━━━━━ DATA FOR THIS TASK

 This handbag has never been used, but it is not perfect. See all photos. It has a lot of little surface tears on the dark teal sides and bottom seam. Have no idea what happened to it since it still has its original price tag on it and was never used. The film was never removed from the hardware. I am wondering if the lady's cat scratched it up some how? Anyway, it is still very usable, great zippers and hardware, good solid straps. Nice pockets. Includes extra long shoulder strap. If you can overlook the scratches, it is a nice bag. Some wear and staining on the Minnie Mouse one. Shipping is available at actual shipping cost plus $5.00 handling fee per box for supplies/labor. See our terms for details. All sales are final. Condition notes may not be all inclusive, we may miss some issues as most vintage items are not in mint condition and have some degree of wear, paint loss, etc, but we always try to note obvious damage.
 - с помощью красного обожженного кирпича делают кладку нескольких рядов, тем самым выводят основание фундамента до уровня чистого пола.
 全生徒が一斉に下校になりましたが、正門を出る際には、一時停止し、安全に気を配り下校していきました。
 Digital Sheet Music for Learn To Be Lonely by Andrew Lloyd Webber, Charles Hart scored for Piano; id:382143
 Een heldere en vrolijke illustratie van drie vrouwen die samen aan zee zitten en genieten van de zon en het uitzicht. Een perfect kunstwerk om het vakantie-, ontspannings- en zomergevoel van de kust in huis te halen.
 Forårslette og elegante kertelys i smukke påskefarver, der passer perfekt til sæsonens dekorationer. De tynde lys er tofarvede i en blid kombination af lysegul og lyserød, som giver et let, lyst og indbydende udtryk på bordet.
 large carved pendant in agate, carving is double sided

━━━━━━━━━━
━━━━━ DATA FOR THIS TASK

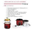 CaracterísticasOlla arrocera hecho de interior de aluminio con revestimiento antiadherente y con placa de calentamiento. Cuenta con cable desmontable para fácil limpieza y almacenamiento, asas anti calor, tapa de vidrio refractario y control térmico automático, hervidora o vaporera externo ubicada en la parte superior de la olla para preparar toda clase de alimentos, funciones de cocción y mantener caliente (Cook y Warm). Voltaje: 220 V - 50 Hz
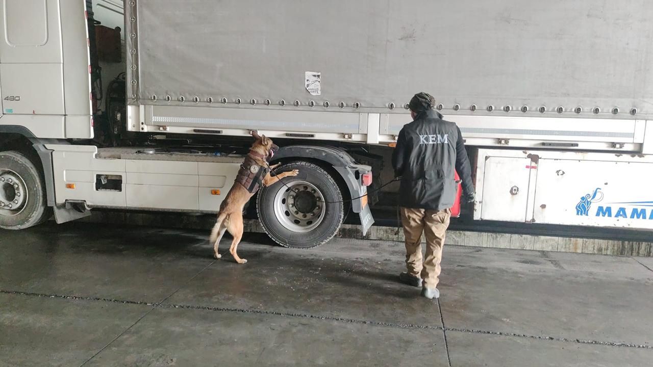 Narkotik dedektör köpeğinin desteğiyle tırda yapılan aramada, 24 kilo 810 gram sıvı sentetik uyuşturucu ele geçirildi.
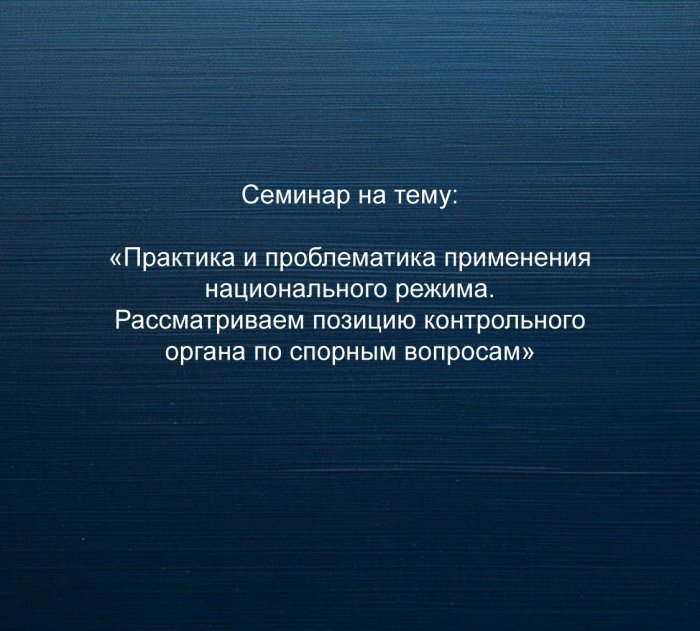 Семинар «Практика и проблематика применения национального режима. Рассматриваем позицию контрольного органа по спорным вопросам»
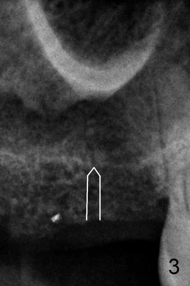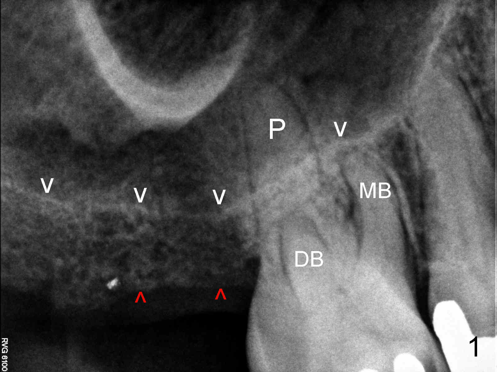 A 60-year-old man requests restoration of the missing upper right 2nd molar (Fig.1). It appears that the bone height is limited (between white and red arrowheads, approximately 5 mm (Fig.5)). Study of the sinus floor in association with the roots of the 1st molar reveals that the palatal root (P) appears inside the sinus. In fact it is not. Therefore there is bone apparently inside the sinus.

━━━━━━━━━━
━━━━━ DATA FOR THIS TASK

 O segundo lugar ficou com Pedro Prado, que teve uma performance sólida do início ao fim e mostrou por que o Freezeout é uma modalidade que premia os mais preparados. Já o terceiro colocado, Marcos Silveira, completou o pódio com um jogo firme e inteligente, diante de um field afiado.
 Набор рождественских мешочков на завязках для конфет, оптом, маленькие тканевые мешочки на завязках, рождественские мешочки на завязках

━━━━━━━━━━

INSTRUCTIONS FOR THE TASK :: From the listing above, collect each line in which the string "perfect" appears.

EXERCISE ANSWER ::
 This handbag has never been used, but it is not perfect. See all photos. It has a lot of little surface tears on the dark teal sides and bottom seam. Have no idea what happened to it since it still has its original price tag on it and was never used. The film was never removed from the hardware. I am wondering if the lady's cat scratched it up some how? Anyway, it is still very usable, great zippers and hardware, good solid straps. Nice pockets. Includes extra long shoulder strap. If you can overlook the scratches, it is a nice bag. Some wear and staining on the Minnie Mouse one. Shipping is available at actual shipping cost plus $5.00 handling fee per box for supplies/labor. See our terms for details. All sales are final. Condition notes may not be all inclusive, we may miss some issues as most vintage items are not in mint condition and have some degree of wear, paint loss, etc, but we always try to note obvious damage.
 Een heldere en vrolijke illustratie van drie vrouwen die samen aan zee zitten en genieten van de zon en het uitzicht. Een perfect kunstwerk om het vakantie-, ontspannings- en zomergevoel van de kust in huis te halen.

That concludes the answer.